The Polish Deal introduces a number of changes to the laws on transfer pricing. Such changes seek to simplify and insulate the system. Below is a discussion of selected changes in this area:

Extended list of documentation exemptions

  • It will abolish the requirement to prepare certain local transfer pricing documents, such as: re-invoicing and safe harbour transactions concerning finance and low value-added services;


Easing the terms of transfer pricing adjustments

  • It will abolish the obligation to declare any transfer pricing adjustment in the annual tax declaration. It also allows negative adjustments to be made if the taxpayer has received an accounting document from a related entity to confirm that a transfer pricing adjustment was made in a specified amount;


No obligation to prepare comparative and compliance analyses

  • It will be possible to avoid the need to prepare a comparative analysis (compliance analysis) for transactions which are:
  • controlled – i.e. concluded by taxpayers who are micro-/small- entrepreneurs (but such taxpayers are still obliged to confirm the arm’s-length nature of the applicable prices);
  • non-controlled transactions entered into with entities from tax havens (or if the beneficial owner of such an entity is from a tax haven).


Extended deadlines

  • The deadline will be extended for:
  • preparing transfer pricing documentation: until the end of the 10th month after the end of the tax year;
  • submitting transfer pricing information: until the end of the 11th month after the end of the tax year,
  • submitting transfer pricing documentation as requested by the tax authority: from 7 to 14 days.
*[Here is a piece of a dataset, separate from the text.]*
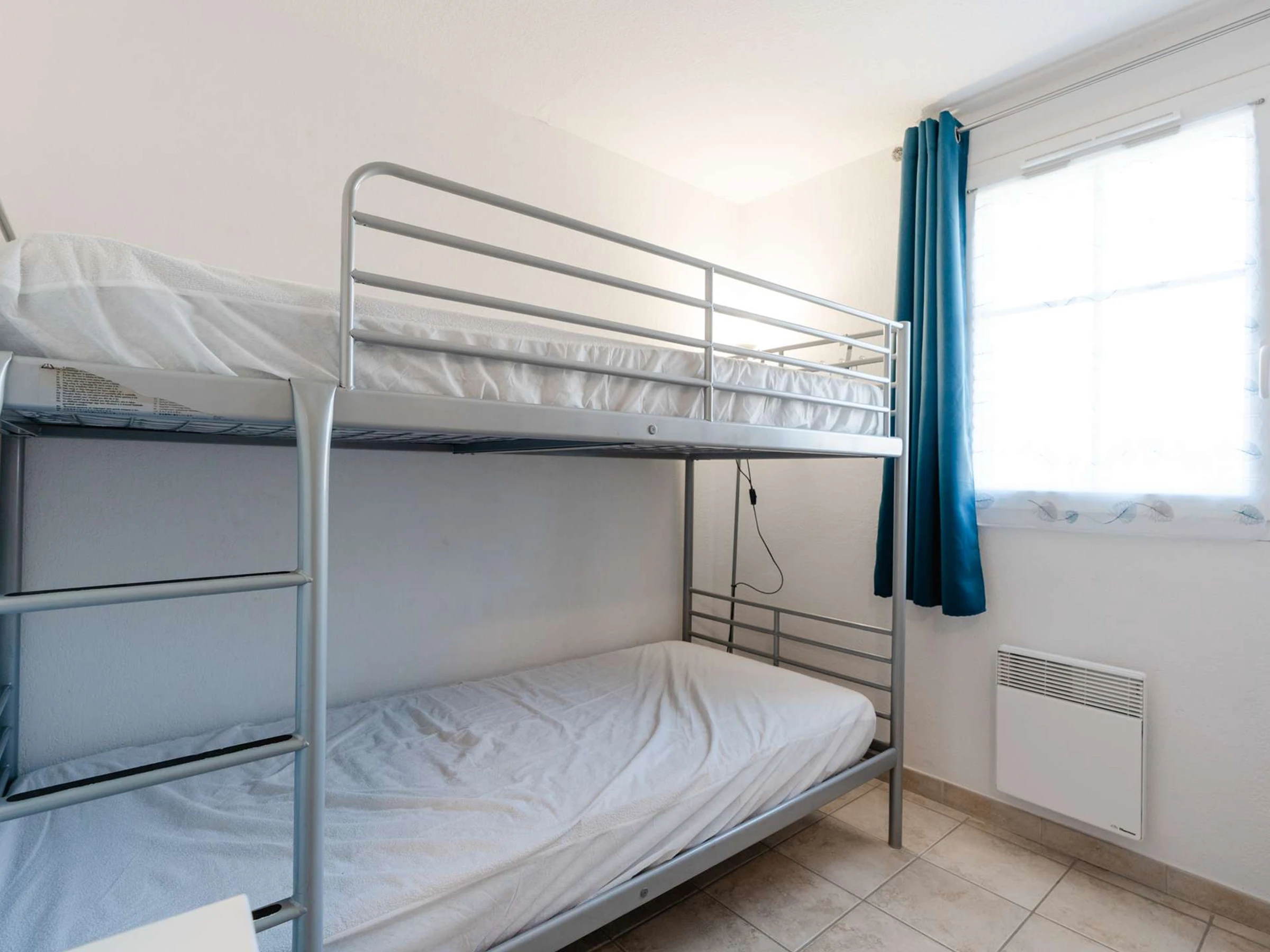 À l'étage: une chambre avec lit double (160x200), une chambre avec lits superposés (90x190) et une salle d'eau (douche).

Transferring the market declaration to the TPR form

  • As part of the planned reforms, the declaration will constitute a new element of the TPR-C or TPR-P form, and so will not be submitted as a separate document.
  • To date, a related entity has been required to submit, as a separate document, a declaration on the preparation of local transfer pricing documentation based on the arm’s-length nature of the prices mentioned therein.
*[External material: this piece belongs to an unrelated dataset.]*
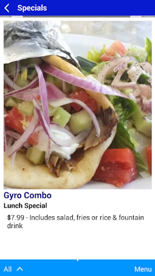 Download the App for Gyromania Grill and go crazy for all the savings, specials and delicious authentic Greek food. Scroll through and check out the special offers and see what deliciousness awaits you. Using the freshest, high quality ingredients, Gyromania always has spits of tender meat ready to be sliced and slid into gyros or souvlakia. Take your taste buds on a Mediterranean adventure with a Pikila- a trio platter of stuffed grape leaves, humus and tzatziki or a sweet Galaktoboureko for dessert. Order a meal on-the-go, check out the on-site banquet options, request lunch delivery - conveniently from your smart phone or c’mon in to Gyromania Grill.

Exemption from the obligation to submit ORD-U

  • An exemption from the duty for taxpayers or non-legal entities to submit information (the ORD-U form) regarding agreements concluded with non-residents will apply to taxpayers who are also required to submit TPR information and who do not conclude transactions with contractors from tax havens.


Stricter requirements for signing TPR

  • Changes are made to narrow range of people authorized to sign the TPR.
  • The new provisions will require the TPR to be signed by a company’s entire management board or by a designated member of the management board; merely appointing a designated member will not release other management board members from any liability arising from a failure to submit the TPR.
  • Additionally, it will not be permitted for a proxy to sign the TPR, unless the proxy is an attorney-at-law, legal advisor, tax advisor or statutory auditor.


New KKS sanction regarding transfer pricing documentation

  • A completely new KKS sanction is created for failure to prepare local or group transfer pricing documentation. Additionally, this sanction will apply if the documentation was prepared inaccurately.


Clarification of existing provisions

  • The wording of certain current provisions is clarified, particularly as regards:
  • Verifying the accuracy of interest rate levels in order comply with the conditions for using the safe harbour approach to financial transactions;
  • Valuing transactions within the scope of deposit agreements, the articles of association of entitles which lack legal personality or joint venture contracts;
  • Abolishing the duty to appoint a partner of the company who, not being a legal person, is obliged to submit information on transfer prices applicable to the company;
  • Identifying data sources used to prepare transfer pricing information.